→ COLLECTED DATA:
=======

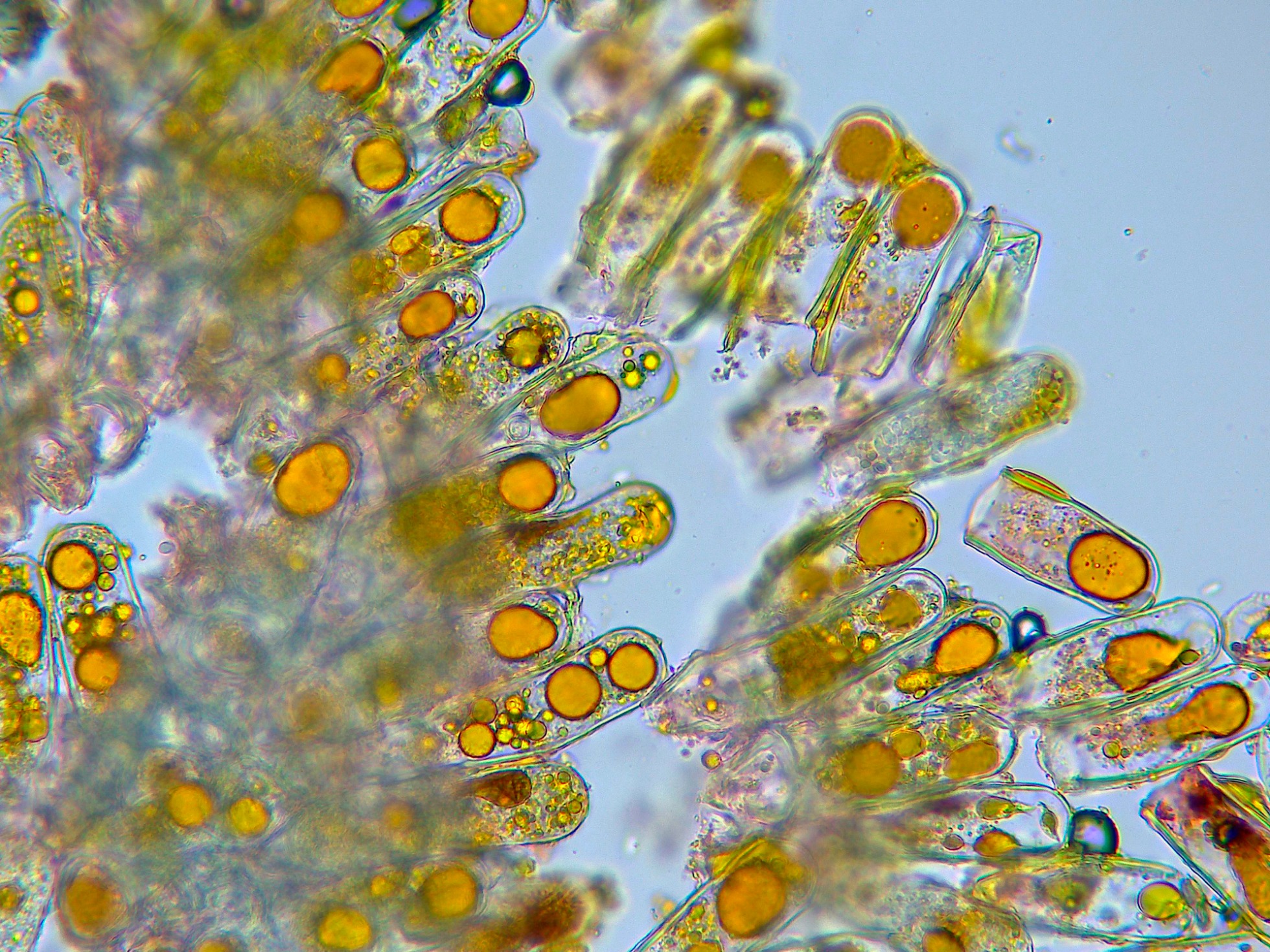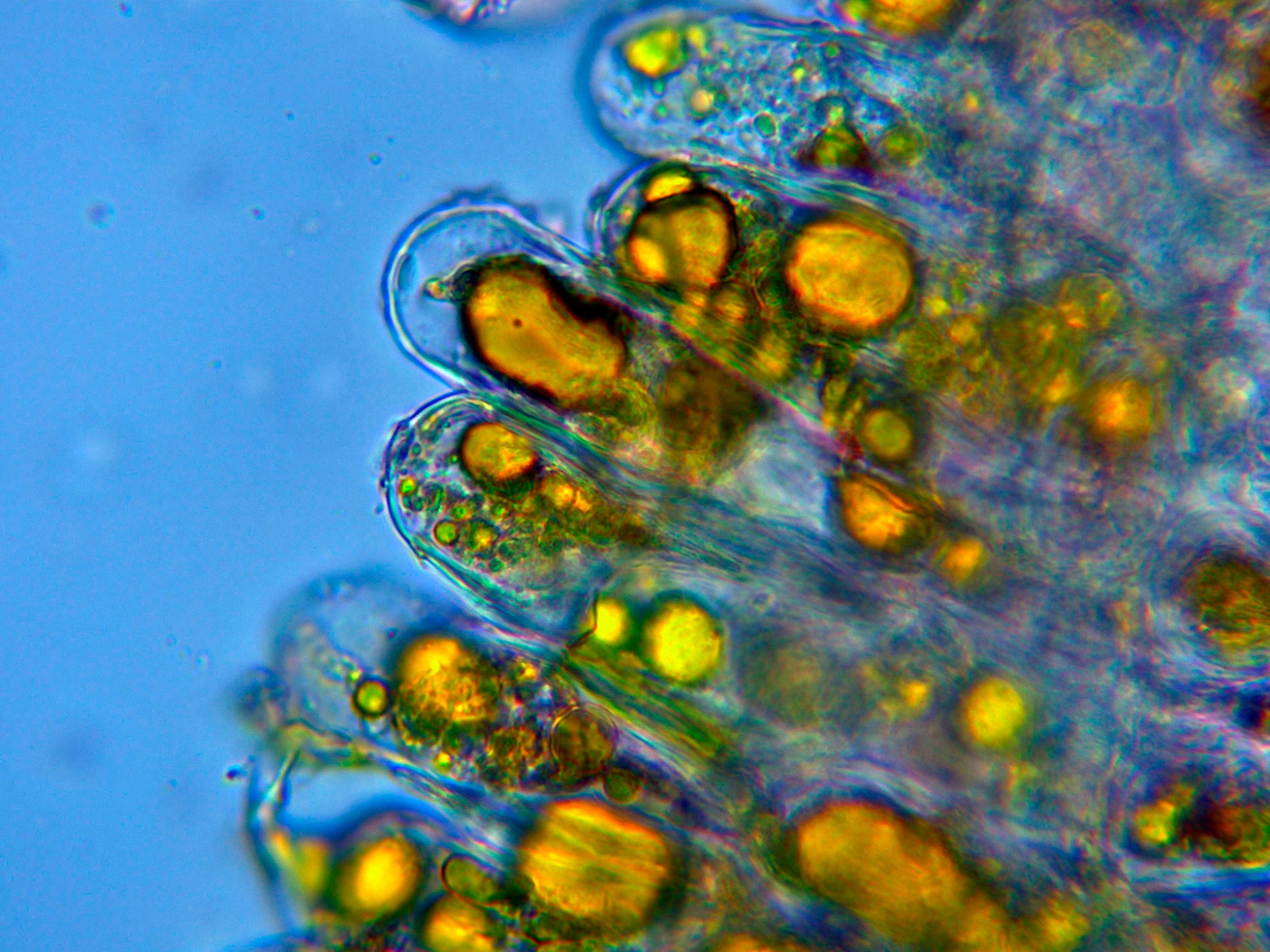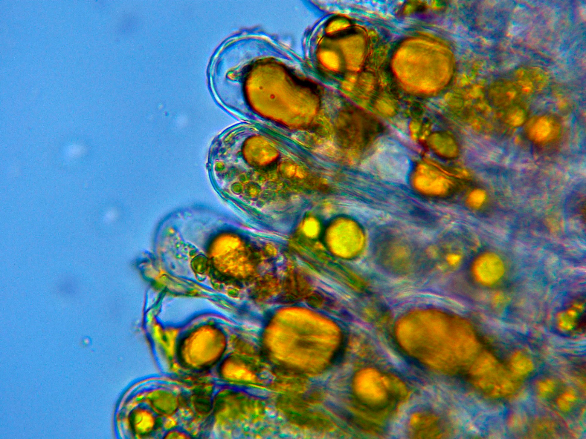 Ascos dispuestos verticalmente con muy numerosas gotas oleaginosas de color dorado que le confieren su color característico.
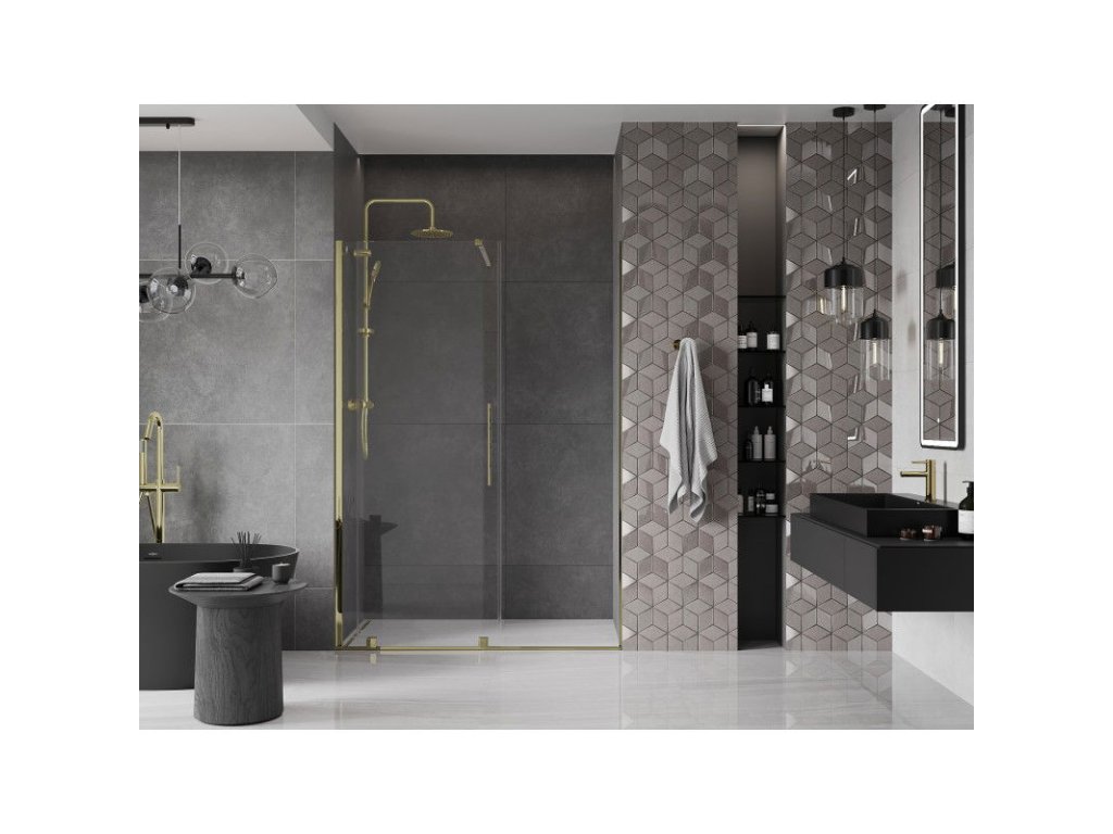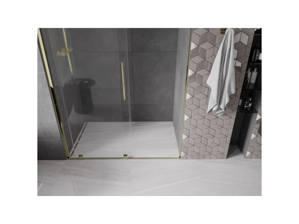 Posuvné sprchové dvere Mexen Velar 140 cm, transparentné, zlaté - 871-140-000-01-50
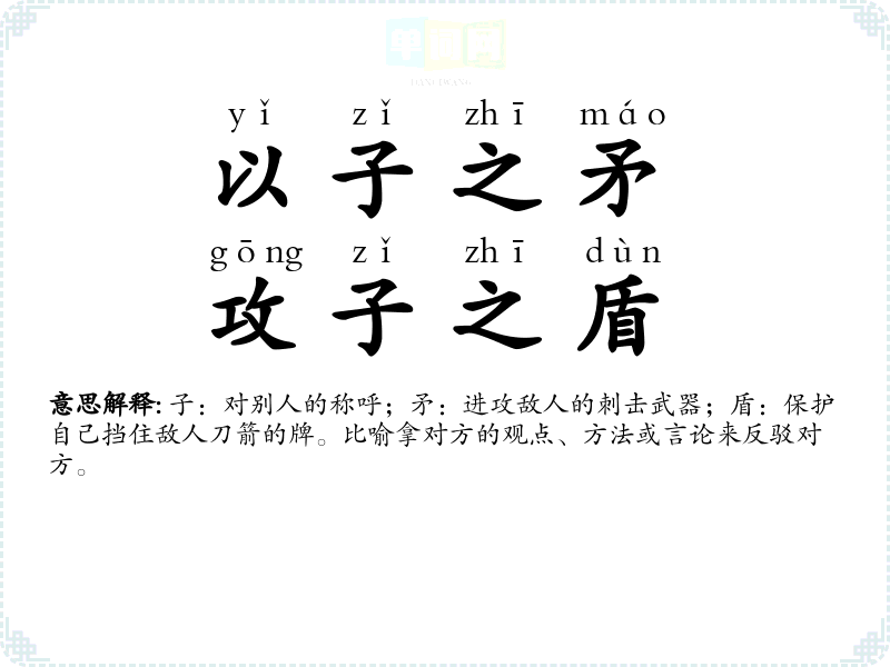 | 以子之矛,攻子之盾 | 子:对别人的称呼;矛:进攻敌人的刺击武器;盾:保护自己挡住敌人刀箭的牌。比喻拿对方的观点、方法或言论来反驳对方。 |
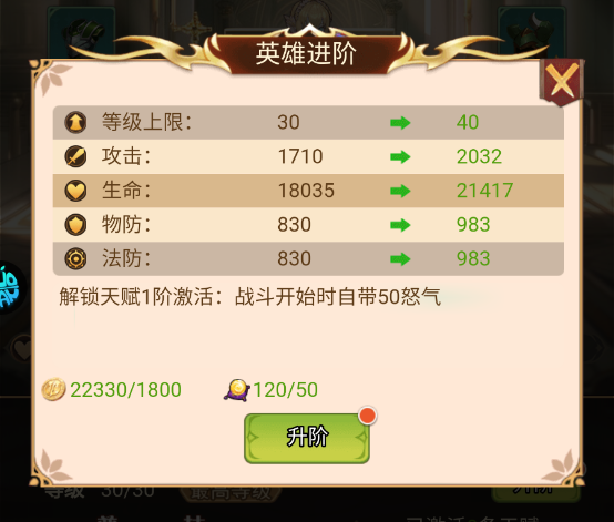 7、进阶魔核可以用来英雄进阶或者英雄升星。

=======

Starting with the line that contains "Posuvné sprchové dvere", print every line through the end of the data exactly as written; omit all pictures and add nothing else.

→ WRITTEN ANSWER:
 Posuvné sprchové dvere Mexen Velar 140 cm, transparentné, zlaté - 871-140-000-01-50
 | 以子之矛,攻子之盾 | 子:对别人的称呼;矛:进攻敌人的刺击武器;盾:保护自己挡住敌人刀箭的牌。比喻拿对方的观点、方法或言论来反驳对方。 |
 7、进阶魔核可以用来英雄进阶或者英雄升星。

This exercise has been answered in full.